Cloudflare accuses Perplexity of evading AI crawler blocks on sites using stealth tactics
Cloudflare has alleged that AI startup Perplexity bypassed website blocks on AI crawlers by disguising its automated scraping behavior. The company claims Perplexity rotated user-agent strings and changed autonomous system networks to avoid detection on sites that explicitly blocked automated access via robots.txt files and similar methods. The activity reportedly spanned millions of daily requests across tens of thousands of domains.
To identify the origin, Cloudflare used machine learning and a variety of network signals to fingerprint Perplexity’s crawler. When blocked, Perplexity reportedly switched to a generic browser user-agent imitating Google Chrome on macOS, further obscuring its identity. Cloudflare began the investigation after customers complained about persistent scraping activity from Perplexity despite configured blocking rules.
In response, Cloudflare has delisted Perplexity from its verified bot list and implemented new techniques to block stealth crawling attempts. Perplexity’s spokesperson denied the claims, calling the report a publicity stunt and asserting that the named bot wasn’t theirs and no content was accessed.

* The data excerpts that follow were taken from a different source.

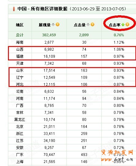把點擊率從高到低排,找出近期展現量相對大,而點擊率又相對高的幾個地域,如上圖紅框標注的5個地域: 山西 福建 山東 遼寧 河北,平均點擊率0.8%以上。
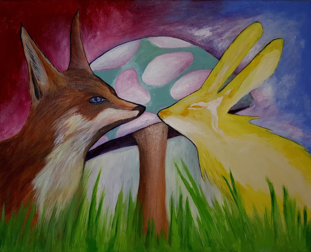 This is a digital print of the original canvas painting. Subtly inspired by Watership Down, the fox meets at the foot of the hill to speak with the hare who seeks comfort in a devastating world. The bright colors and atmosphere reflect the vibrance and strength they create by their meeting.
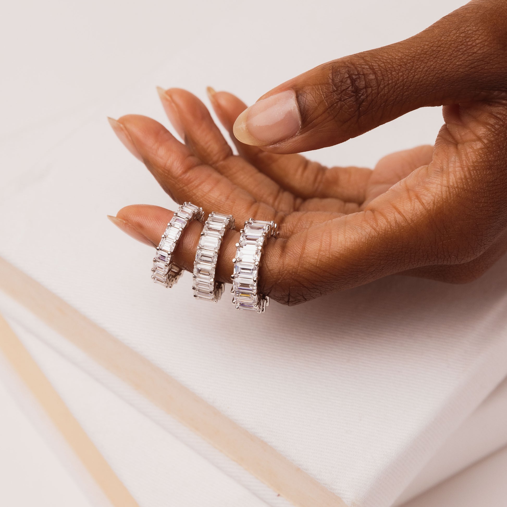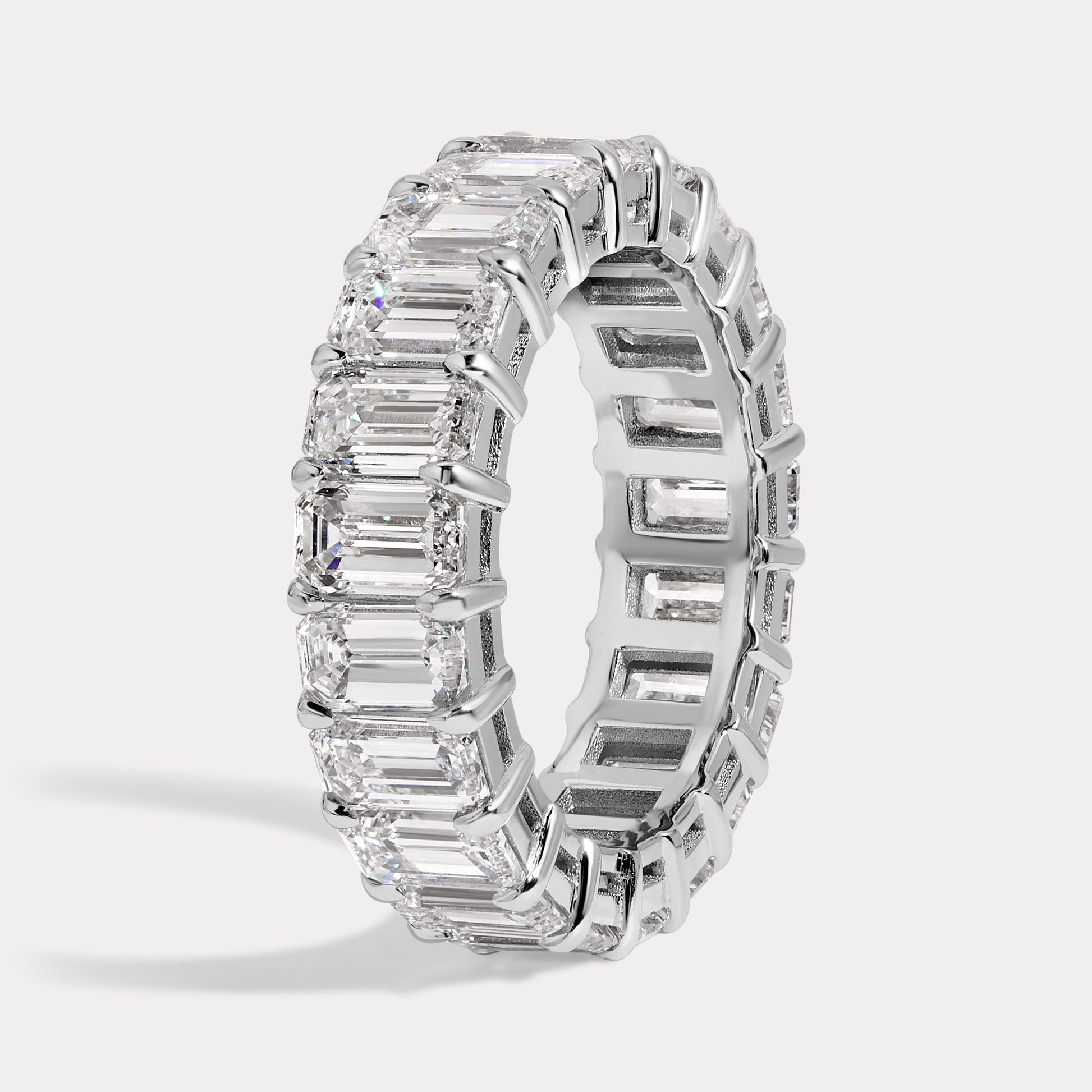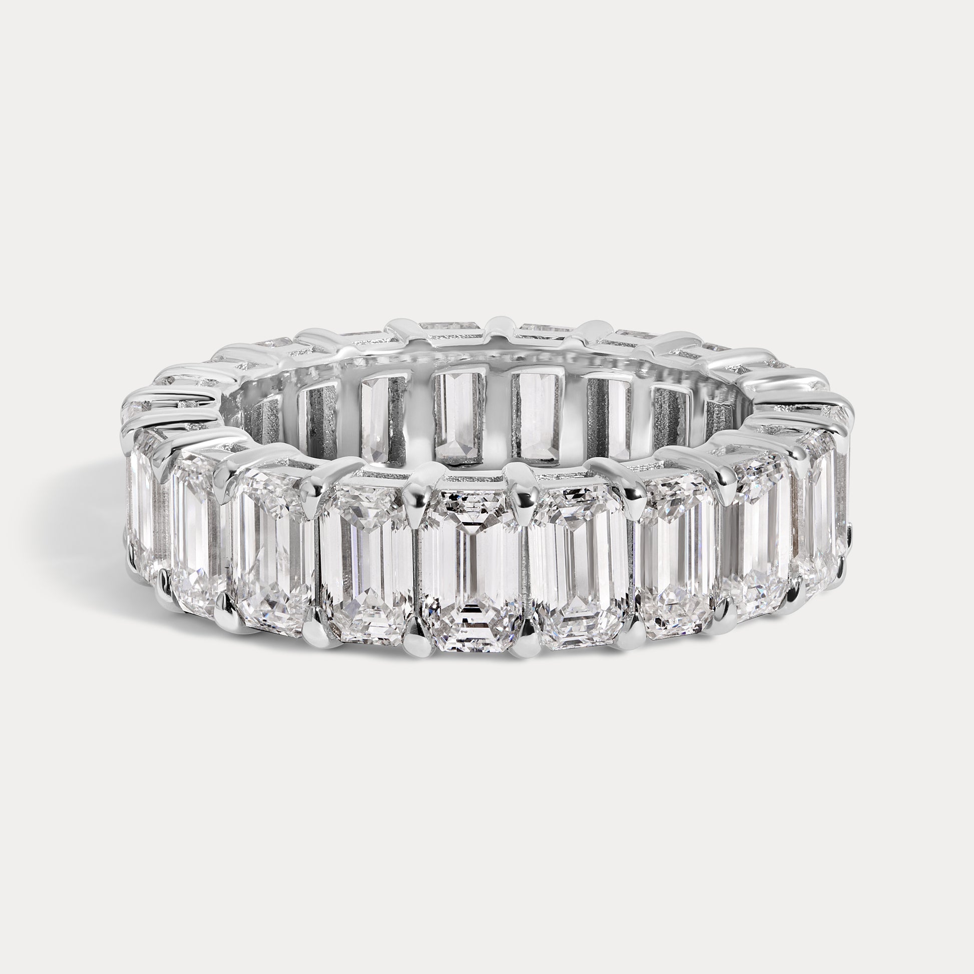Exquisite 6 carat eternity band featuring vertically-set emerald diamonds. Details provided below are for a size 6 ring.
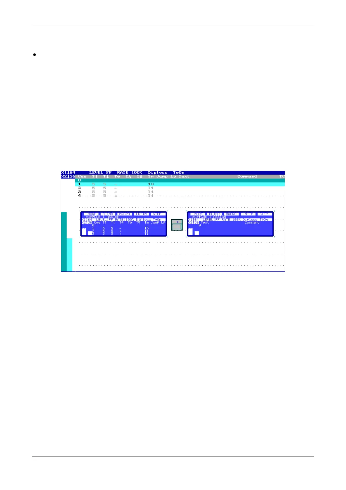 [CUE] [#] [THRU][#][LOAD] [S#]

The company also claimed the screenshots offered as evidence showed no actual content being accessed.
These allegations add to prior claims in 2023 that Perplexity bypassed paywalls and ignored robots.txt. Meanwhile, Cloudflare has positioned itself against unauthorized AI scraping and even just a few weeks ago launched a new Pay Per Crawl marketplace for monetizing bot access, with CEO Matthew Prince warning of business model disruption for publishers.


Comments
I'd trust Cloudflare assessments 1e+6 times before any "startup" AI company.

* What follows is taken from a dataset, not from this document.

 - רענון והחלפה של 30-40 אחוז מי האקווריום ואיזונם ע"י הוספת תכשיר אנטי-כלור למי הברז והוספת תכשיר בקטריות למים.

I have mixed feeling about this because Perplexity has managed to give me important information that I simply can't find via google searches and this could be why. [things like pricing information, and ToS/support information for websites that hide it and such.]
I'm just trying to understand what your comment means.

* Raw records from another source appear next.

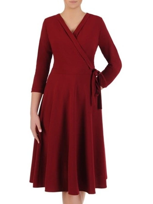Bordowa sukienka kopertowa, rozkloszowana kreacja z ozdobnym wiązaniem w pasie 19754
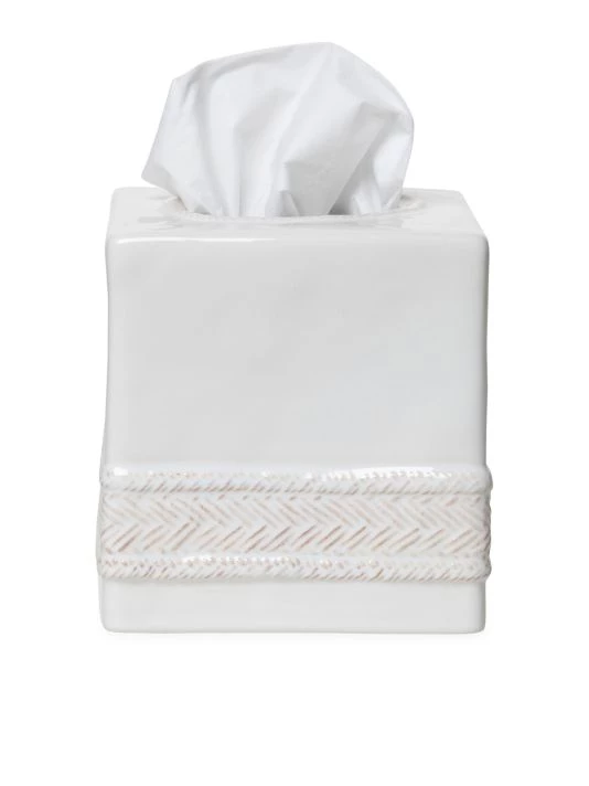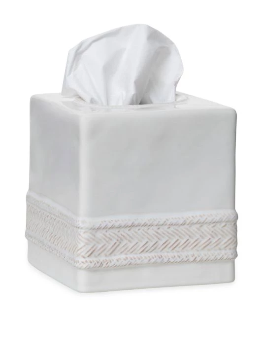 From the Le Panier Collection. Bright, fresh, and classic, this elegant tissue box cover is trimmed with Juliska’s Le Panier braid design.
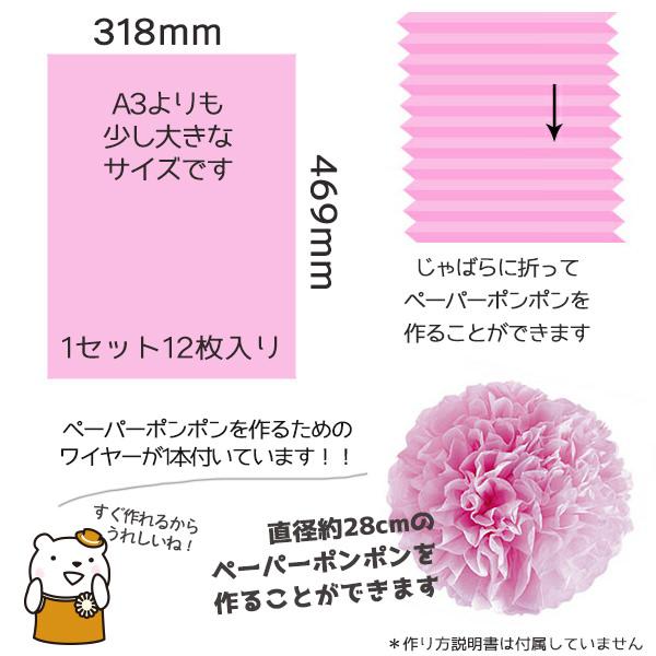 カラーペーパー 12枚入りセット お花紙 薄葉紙 ラッピング 包装紙 ペーパーポンポン、フラワーポムやペーパーフラワーの材料に 推し活

For example, i run a website that has changeable information: names; dates; times; venues; etc. It plainly says in English, and other languages, "don't copy the page, just link to it" so that there won't be incompatible versions of the information found on the 'net. By the time the AI "learns" my page, it may have already changed. It's that kind of "intelligence" that makes people say that AI is actually UNIntelligence.
I want a robots.txt type of method to tell AI what not to scrape. Oh, that already exists! Perplexity, and others, should be intelligent enough to follow what is requested by the website controllers.